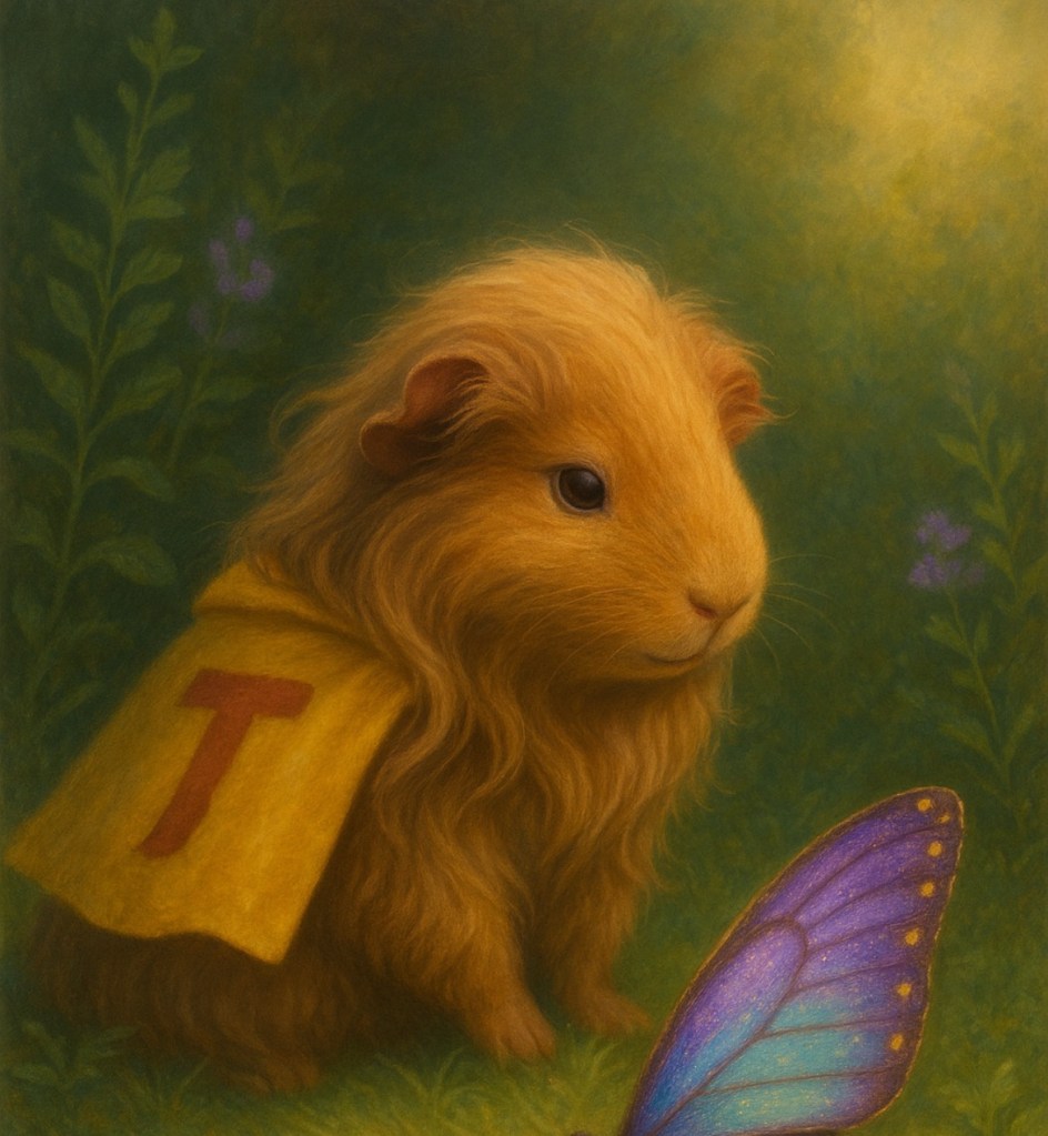Tina war als Erste draussen. Ihr langes, hellbraunes Fell flatterte leicht im Wind, und der gelbe Umhang mit dem grossen „T“ leuchtete in der Morgensonne. Sie schnupperte neugierig am Boden, als etwas Glänzendes im Gras ihre Aufmerksamkeit erregte.
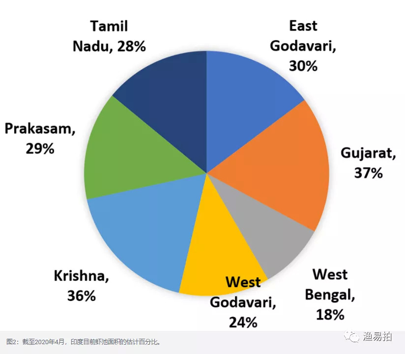 印度的虾类养殖面积目前超过17.6万公顷(公顷):大约160,000公顷(91%)用于生产太平洋白虾,约14080公顷(8%)用于黑虎虾(斑节对虾)养殖和大约1,760公顷(1%)的淡水大虾的生产。
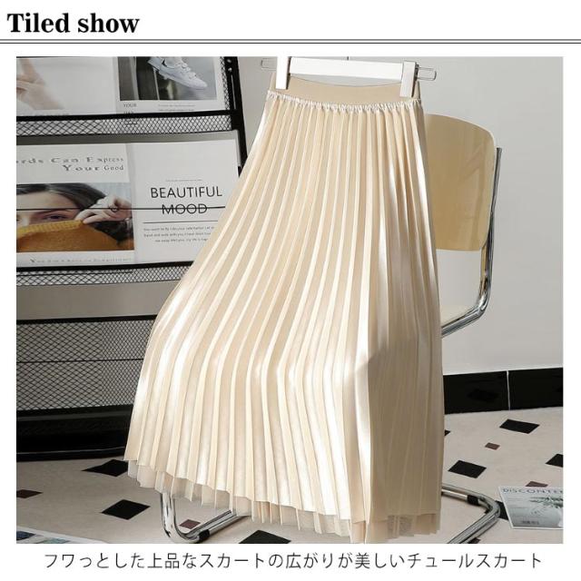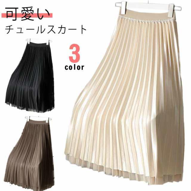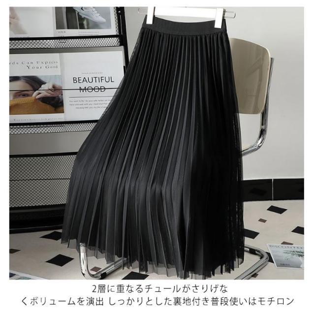 チュールスカート レディース スカート ロング プリーツスカート ロングスカート フレアスカート ボトムス ウエストゴム 春 夏 秋 体型カバー Aライン お洒落 ふんわり ふわふわ 通勤 通学 上品 きれいめ カジュアル 春秋 着回し 大人 可愛い
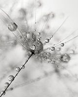 Abstractie in zwart, wit en grijs: Druppels op paardenbloempluisje" is een macrofoto van een pluisje van een paardenbloem. Op het pluisje van de paardenbloem zitten kleine druppeltjes water. Op de achtergrond zie je nog vaag andere pluisjes van de paardenbloem.
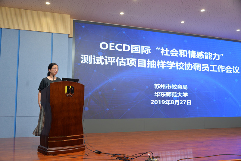 2019年8月27日,OECD社会与情感能力研究项目学校协调员培训会在苏州市教育局综合楼4楼会议室召开。华东师范大学教育学系主任黄忠敬教授、华东师范大学心理学系邵志芳副教授等专家团队成员、苏州市教育局政宣处处长徐洁以及正式测评涉及学校的全体协调员参加了培训会。培训会由苏州市教育局张雨作老师主持。
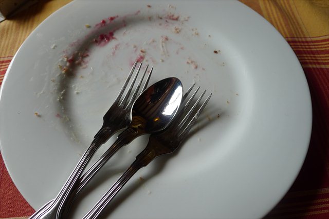It’s best to start at the bottom. This is not a cake you need in your life. There’s a congealed edge to the fat skin of cream on the top- like bath foam that’s been left to dry overnight on the lip of a sink. The two layers of cake are dark and dry. The cherry studded chocolate mousse in the second bottom layer adds a certain textural novelty and softness, but even it can’t rescue the rest. This is a sad cake for desperate times. It’s the sort of slice you’d expect to find at a authobahn buffet restaurant at 6 am on a Thursday, or be tempted to eat late at night when deeply intoxicated- before waking at the table with crumbs on your cheek and a stomach filled with regret.
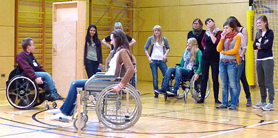 Am 20.04.2012 fand in unserer Sporthalle, organisiert von der Arbeitsgruppe Inklusion, unter Leitung von Herrn Roland Reiterer ein Rollstuhltag statt. Schüler/innen des Sozialwissenschaftlichen, Klassischen, Sprachen- und Kunstgymnasiums Meran konnten durch umfangreiche theoretische Informationen und durch praktisches Üben (Rollstuhlparcour, Handhabung von Rollstühlen, Ein- und Aussteigen aus dem Auto, Informationen zum Versehrtensport) für Menschen mit Beeinträchtigung und für architektonische Barrieren sensibilisiert werden.
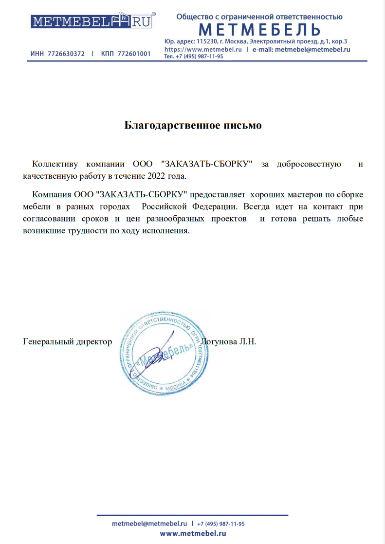 Все мастера имеют опыт работы от 3х лет и более и весь необходимый инструмент для сборки мебели. Кроме того, после каждого заказа мы получаем обратную связь от клиентов для принятия необходимых корректировок.
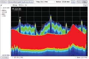 圖7 使用DPX在5s后發(fā)現(xiàn)的偶發(fā)瞬態(tài)信號。紅色區(qū)域是頻繁發(fā)生的信號,藍(lán)色部分和綠色部分是瞬態(tài)信號

━━━━━━━━━━━━━━━━━━━━

Give the listing again word for word, but drop every picture.

Tina war als Erste draussen. Ihr langes, hellbraunes Fell flatterte leicht im Wind, und der gelbe Umhang mit dem grossen „T“ leuchtete in der Morgensonne. Sie schnupperte neugierig am Boden, als etwas Glänzendes im Gras ihre Aufmerksamkeit erregte.
 印度的虾类养殖面积目前超过17.6万公顷(公顷):大约160,000公顷(91%)用于生产太平洋白虾,约14080公顷(8%)用于黑虎虾(斑节对虾)养殖和大约1,760公顷(1%)的淡水大虾的生产。
 チュールスカート レディース スカート ロング プリーツスカート ロングスカート フレアスカート ボトムス ウエストゴム 春 夏 秋 体型カバー Aライン お洒落 ふんわり ふわふわ 通勤 通学 上品 きれいめ カジュアル 春秋 着回し 大人 可愛い
 Abstractie in zwart, wit en grijs: Druppels op paardenbloempluisje" is een macrofoto van een pluisje van een paardenbloem. Op het pluisje van de paardenbloem zitten kleine druppeltjes water. Op de achtergrond zie je nog vaag andere pluisjes van de paardenbloem.
 2019年8月27日,OECD社会与情感能力研究项目学校协调员培训会在苏州市教育局综合楼4楼会议室召开。华东师范大学教育学系主任黄忠敬教授、华东师范大学心理学系邵志芳副教授等专家团队成员、苏州市教育局政宣处处长徐洁以及正式测评涉及学校的全体协调员参加了培训会。培训会由苏州市教育局张雨作老师主持。
It’s best to start at the bottom. This is not a cake you need in your life. There’s a congealed edge to the fat skin of cream on the top- like bath foam that’s been left to dry overnight on the lip of a sink. The two layers of cake are dark and dry. The cherry studded chocolate mousse in the second bottom layer adds a certain textural novelty and softness, but even it can’t rescue the rest. This is a sad cake for desperate times. It’s the sort of slice you’d expect to find at a authobahn buffet restaurant at 6 am on a Thursday, or be tempted to eat late at night when deeply intoxicated- before waking at the table with crumbs on your cheek and a stomach filled with regret.
 Am 20.04.2012 fand in unserer Sporthalle, organisiert von der Arbeitsgruppe Inklusion, unter Leitung von Herrn Roland Reiterer ein Rollstuhltag statt. Schüler/innen des Sozialwissenschaftlichen, Klassischen, Sprachen- und Kunstgymnasiums Meran konnten durch umfangreiche theoretische Informationen und durch praktisches Üben (Rollstuhlparcour, Handhabung von Rollstühlen, Ein- und Aussteigen aus dem Auto, Informationen zum Versehrtensport) für Menschen mit Beeinträchtigung und für architektonische Barrieren sensibilisiert werden.
 Все мастера имеют опыт работы от 3х лет и более и весь необходимый инструмент для сборки мебели. Кроме того, после каждого заказа мы получаем обратную связь от клиентов для принятия необходимых корректировок.
 圖7 使用DPX在5s后發(fā)現(xiàn)的偶發(fā)瞬態(tài)信號。紅色區(qū)域是頻繁發(fā)生的信號,藍(lán)色部分和綠色部分是瞬態(tài)信號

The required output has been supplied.